§ ABOUT THIS EXERCISE
Using the records below, repeat exactly the lines from the one holding "加治屋 咲琥磨さんの天格は23画の5点" through the one holding "Décédé à Libramont-Chevigny (6800)", both ends included, and no others.

§ LISTED ENTRIES
* * *

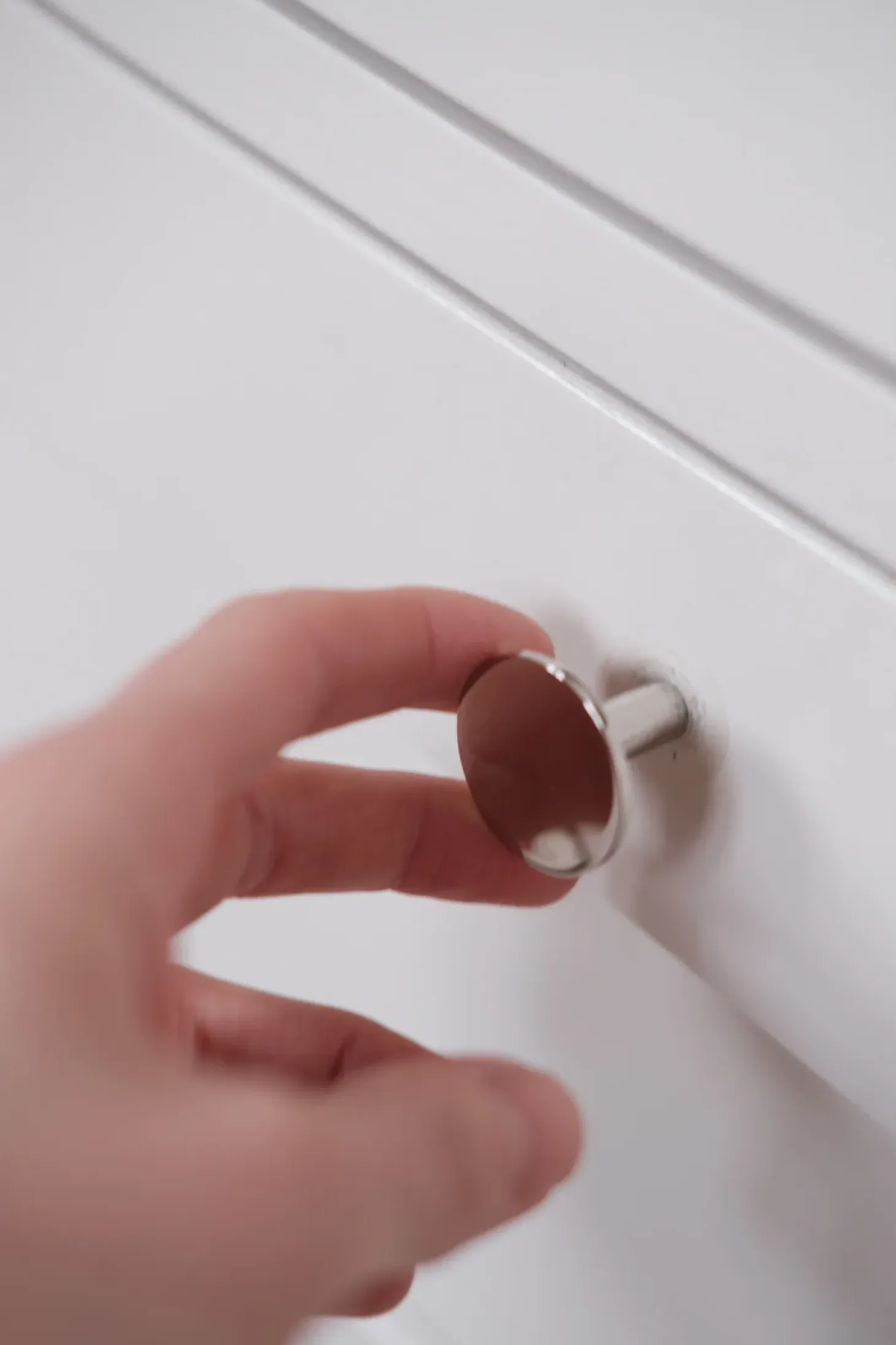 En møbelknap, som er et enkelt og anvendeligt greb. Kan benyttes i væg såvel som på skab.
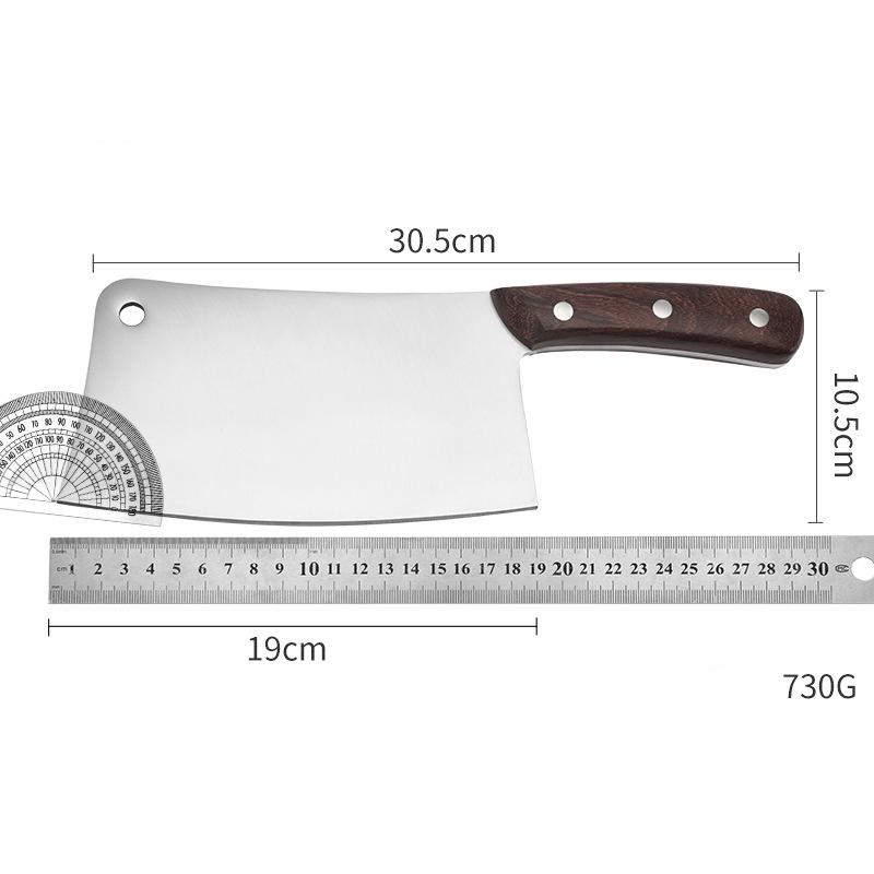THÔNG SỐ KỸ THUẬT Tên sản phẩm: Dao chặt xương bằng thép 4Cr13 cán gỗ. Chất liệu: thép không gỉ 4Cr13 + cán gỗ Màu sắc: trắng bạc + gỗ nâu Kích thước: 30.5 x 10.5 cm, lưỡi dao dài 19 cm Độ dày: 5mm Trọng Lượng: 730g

* * *

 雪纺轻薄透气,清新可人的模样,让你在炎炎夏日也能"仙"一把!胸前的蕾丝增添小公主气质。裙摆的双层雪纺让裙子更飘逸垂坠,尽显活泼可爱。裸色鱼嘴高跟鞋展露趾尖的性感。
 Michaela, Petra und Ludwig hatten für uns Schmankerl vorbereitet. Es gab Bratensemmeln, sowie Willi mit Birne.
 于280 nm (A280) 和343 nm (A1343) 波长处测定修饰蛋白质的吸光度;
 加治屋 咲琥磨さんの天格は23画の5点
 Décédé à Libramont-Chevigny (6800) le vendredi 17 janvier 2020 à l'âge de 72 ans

* * *

§ SOLUTION FOR THIS TASK
 加治屋 咲琥磨さんの天格は23画の5点
 Décédé à Libramont-Chevigny (6800) le vendredi 17 janvier 2020 à l'âge de 72 ans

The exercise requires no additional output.